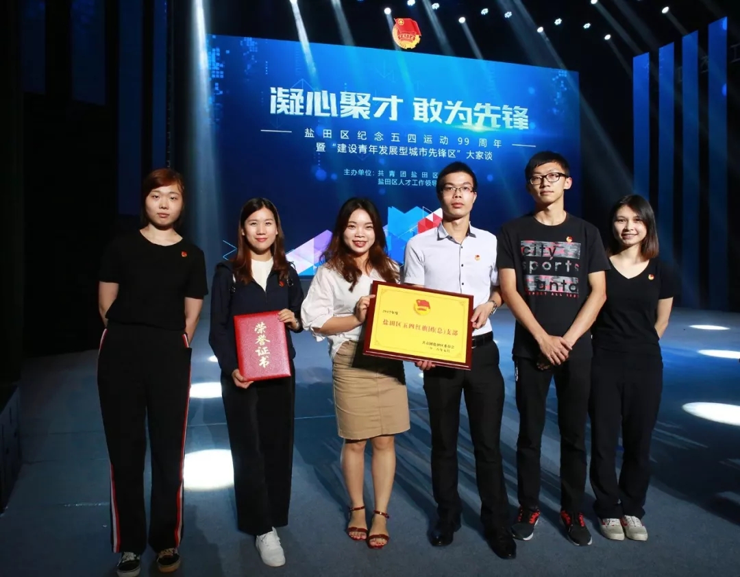 会上,,,,,,,w88优德团委第一团支部被评为2017年度盐田区“五四红旗团支部”,,,,,,,w88优德展销部吴伟玲被评为盐田区“优异共青团员”。。。。
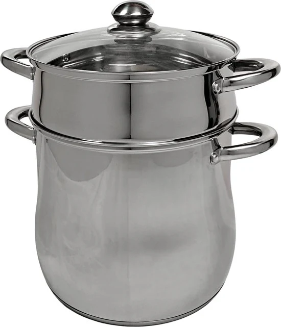 Deze hoogwaardige couscoussier van Eisenbach Professional is volledig vervaardigd uit duurzaam roestvrij staal en ontworpen voor optimaal kookgemak. Dankzij de royale inhoud van 16 liter bereid je moeiteloos grote porties couscous, groenten of gestoomde gerechten voor het hele gezin. De pan heeft een dikke, warmtegeleidende bodem met drie lagen, waardoor de warmte snel wordt verdeeld en langdurig wordt vastgehouden. Dit zorgt niet alleen voor efficient koken, maar ook voor behoud van smaak, vitamines en structuur. Het bovenste inzetdeel heeft fijne perforaties waardoor de stoom gelijkmatig circuleert en de couscous luchtig wordt zonder klonten. Met het transparante glazen deksel houd je het kookproces perfect in de gaten zonder warmte te verliezen. Deze couscouspan is geschikt voor alle warmtebronnen zoals gas, elektrisch, keramisch, halogeen en inductie. Een professionele en duurzame keuze voor wie authentieke gerechten wil bereiden met maximale controle en minimal verlies van voedingsstoffen.
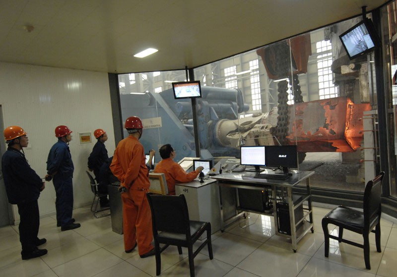 据了解,自3月进入试生产以来,18500吨自由锻油压机已成功完成100~300吨级共110余支钢锭的锻造任务,顺利实现对轴类、板类、饼类、圈类等产品的成型及尺寸控制,具备了生产大型尖端锻件的能力,并于6月29日正式投产。此次锻造成功的438吨特大型钢锭,是中信重工为江阴兴澄特钢4300轧机提供的大型关键锻件,采用双真空冶炼,内部质量要求按国外著名企业DANIELI标准执行。
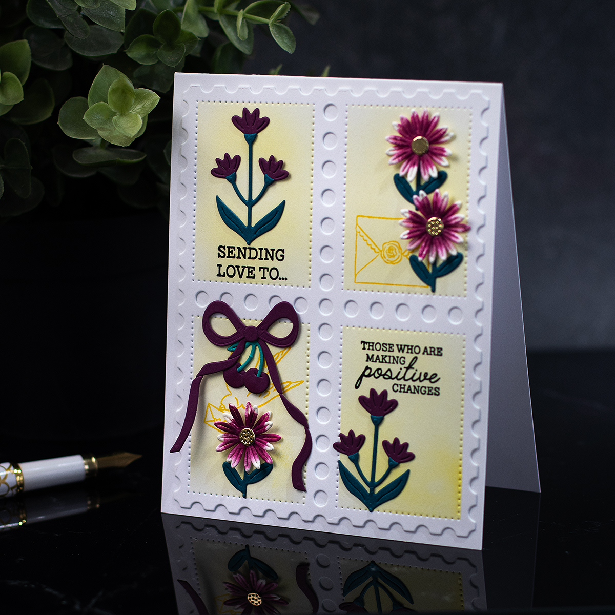 For this A2 top-fold card, I used the Postage Stamps cover die and stencil

========

» What is required:
When you return the listing, keep each line exact and leave the pictures out.

» Exercise solution:
 会上,,,,,,,w88优德团委第一团支部被评为2017年度盐田区“五四红旗团支部”,,,,,,,w88优德展销部吴伟玲被评为盐田区“优异共青团员”。。。。
 Deze hoogwaardige couscoussier van Eisenbach Professional is volledig vervaardigd uit duurzaam roestvrij staal en ontworpen voor optimaal kookgemak. Dankzij de royale inhoud van 16 liter bereid je moeiteloos grote porties couscous, groenten of gestoomde gerechten voor het hele gezin. De pan heeft een dikke, warmtegeleidende bodem met drie lagen, waardoor de warmte snel wordt verdeeld en langdurig wordt vastgehouden. Dit zorgt niet alleen voor efficient koken, maar ook voor behoud van smaak, vitamines en structuur. Het bovenste inzetdeel heeft fijne perforaties waardoor de stoom gelijkmatig circuleert en de couscous luchtig wordt zonder klonten. Met het transparante glazen deksel houd je het kookproces perfect in de gaten zonder warmte te verliezen. Deze couscouspan is geschikt voor alle warmtebronnen zoals gas, elektrisch, keramisch, halogeen en inductie. Een professionele en duurzame keuze voor wie authentieke gerechten wil bereiden met maximale controle en minimal verlies van voedingsstoffen.
 据了解,自3月进入试生产以来,18500吨自由锻油压机已成功完成100~300吨级共110余支钢锭的锻造任务,顺利实现对轴类、板类、饼类、圈类等产品的成型及尺寸控制,具备了生产大型尖端锻件的能力,并于6月29日正式投产。此次锻造成功的438吨特大型钢锭,是中信重工为江阴兴澄特钢4300轧机提供的大型关键锻件,采用双真空冶炼,内部质量要求按国外著名企业DANIELI标准执行。
 For this A2 top-fold card, I used the Postage Stamps cover die and stencil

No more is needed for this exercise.